The Journal of Endocrinology is a monthly peer-reviewed scientific journal that publishes original research articles, reviews and commentaries. Its focus is on endocrine physiology and metabolism, including hormone secretion, hormone action, and biological effects. The journal considers basic and translational studies at the organ and whole organism level.

The journal is published by Bioscientifica on behalf of the Society for Endocrinology. It is also an official journal of the European Society of Endocrinology and the Endocrine Society of Australia. The co-editors-in-chief are Martin Haluzík (Charles University) and Colin Farquharson (University of Edinburgh). According to the Journal Citation Reports, the journal has a 2020 impact factor of 4.286.

History
The journal was conceived by Sir Charles Dodds Bart FRS (the founding editor-in-chief), Sir Frank Young FRS, Sir Alan Parkes FRS, and Lord Solly Zuckerman OM KCB FRS in 1937. The first issue was published in 1939 (it took two years to process the papers from draft manuscript to print) and contained 45 research articles. By 1946, five volumes had been published.

In February 1946, 22 previous contributors unanimously resolved to form the Society for Endocrinology and invited all previous authors to be founding members. Editorial board member Alan Parkes was elected as the society's first chairman.
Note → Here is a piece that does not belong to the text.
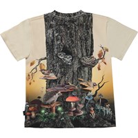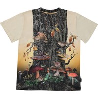 Multifärgadt-shirt med mönster både fram och bak. Här kan man vara ett med naturen och leva sig in i att vara både en växt eller ett djur. Trädstammen står tryggt och stadigt men skogens alla djur, växter och svampar som inneboende. Ärmarna är grenar som både kan omfamna världen eller sträcka sig upp mot himlen. Denna t-shirt är tillverkad i 100% ekologisk bomull, har korta ärmar, rund hals med ribbkant och en normal passform.
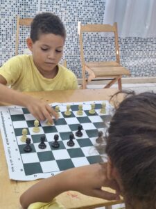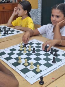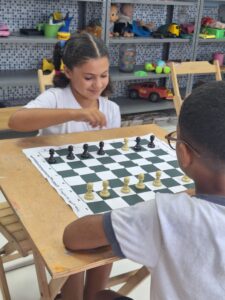Na foto, a pequena **Selena Spuza** dá seus primeiros passos no tabuleiro, descobrindo o fascinante mundo do xadrez! 👧♟️

From 1946, the number of issues that the journal published gradually increased. From 1953 to 1960 there were between five and seven issues published each year, and from 1961 to 1965 there were eight to nine issues. Since 1966, the journal has been published monthly. The technological explosion of the 1970s and 1980s, exemplified by the development of recombinant DNA techniques, DNA sequencing, and the invention of PCR, resulted in an increase in research output in the areas of molecular and genetic endocrinology. In response to this, a sister journal entitled Journal of Molecular Endocrinology was founded in 1988.

In 2006, the Journal of Endocrinology was adopted as an official journal of the European Society of Endocrinology and, in 2014, of the Endocrine Society of Australia. 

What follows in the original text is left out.